King Gojong’s private retreat open to public for limited time

Geoncheonggung, often referred to as King Gojong's private retreat, holds a unique place in history.

Hwang Joo-young

Hwang Joo-young

The Korea Herald


Jangandang, King Gojong's executive office, at Geoncheonggung. PHOTO: CULTURAL HERITAGE ADMINISTRATION/ THE KOREA HERALD

August 15, 2023

SEOUL – The doors to King Gojong’s private quarters at the main palace Gyeongbokgung will open to the public with exhibitions that display the royal lifestyle of the Joseon era.

Geoncheonggung, often referred to as King Gojong’s private retreat, holds a unique place in history.

Despite ascending to the throne in 1863, King Gojong’s father Heungseon Daewongun ruled the country as regent on behalf of his young son.
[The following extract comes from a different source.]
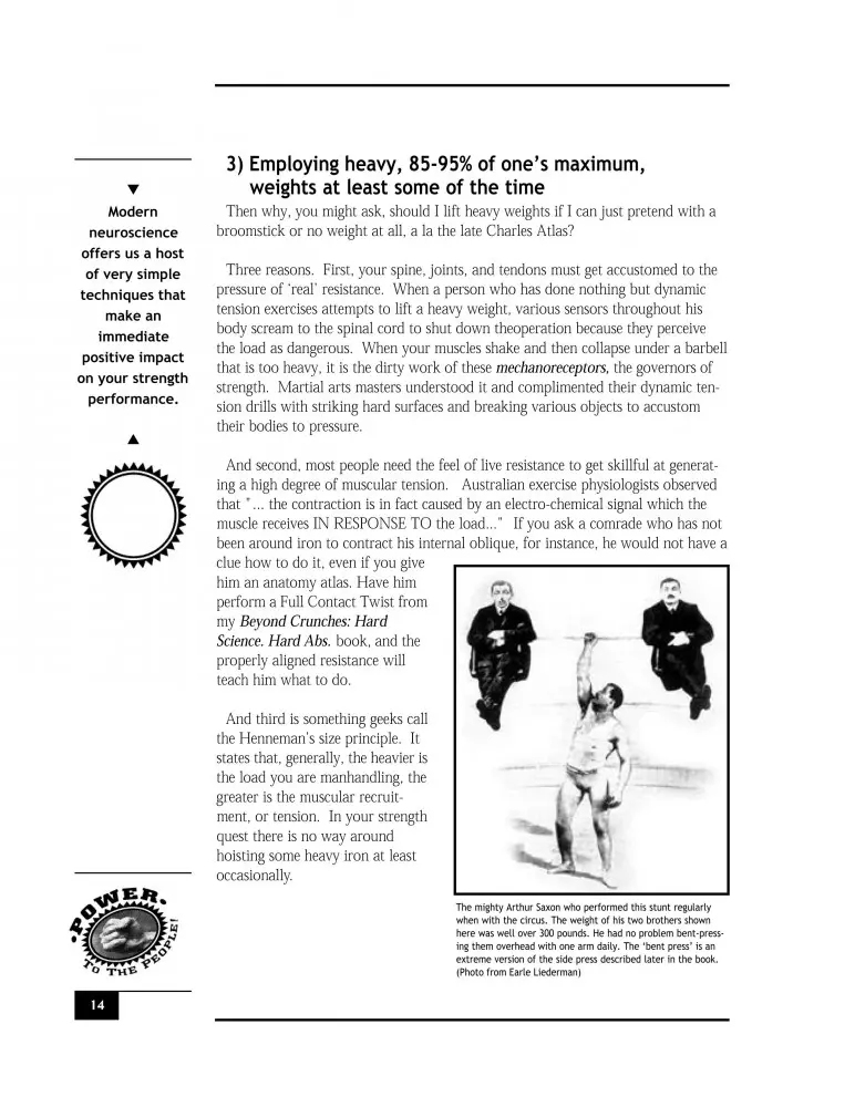 Pavel's "Power to the People" shows the reader how to run extremely efficient workout sessions, by maximizing strength gain and minimizing mass gain, fatigue and injury as well as eliminating post-workout muscle soreness and stiffness. If your goal is to bulk up, Pavel covers techniques to gain maximum results. By treating the body as a system, Power to the People rarely if ever isolates just one muscle group but rather involves several at once. This leads to the kind of functional strength that combat sports athletes and special operators in the military prize. The book is at once entertaining and informative. Pavel's playful Russian personality shines through on every page, making it easy to read, even if the physical training is incredibly intense. The most unusual aspect of this work is that it contains the information one would expect from a text book yet has the functionality of a cookbook. If you are ready to see real results in less time, and are willing to work harder than ever before, get Power to the People!, Comrade!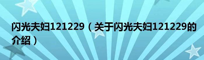 闪光夫妇121229(关于闪光夫妇121229的介绍)

It was with the intent to express his desire for independence from his father’s authority that the 22-year-old King Gojong conceived of the idea of Geoncheonggung within the main palace of Gyeongbokgung.

It was not easy for the young monarch to build his own premises. He encountered resistance from his subjects, largely due to budget constraints. Under Heungseon Daewongun’s governance, much of the kingdom’s resources were used for the restoration of Gyeongbokgung, which was destroyed in the Japanese invasion of 1592.

King Gojong mobilized personal funds to push for the construction of his private quarters, and Geoncheonggung was completed in 1873.

However, Gojong’s aspirations for independent rule did not last long. In 1895, Japanese imperial forces infiltrated Gyeongbokgung and assassinated Empress Myeongseong, Gojong’s consort. Empress Myeongseong was assassinated at Geoncheonggung, the royal couple’s residence.

In the following year, Gojong escaped to the Russian Legation and Geoncheonggung lost its function as a royal residence. In 1909, the Japanese destroyed Geongcheonggung and erected an art museum under the Japanese Government General of Korea. It was only in 2007 that Geongcheonggung was restored.

Since 2007, only a limited section of Geoncheonggung had been accessible to the public. From Aug. 15 to Sept. 18, Jangandang, the king’s office and private quarters, and Gonnyeonghap, the queen’s quarters, along with the guest rooms and maid’s rooms, will be unveiled to visitors.

Admission is free and reservations are not required. Operating hours are from 10 a.m. to 4 p.m. Geongcheonggung will be closed on Aug. 16 and subsequent Tuesdays.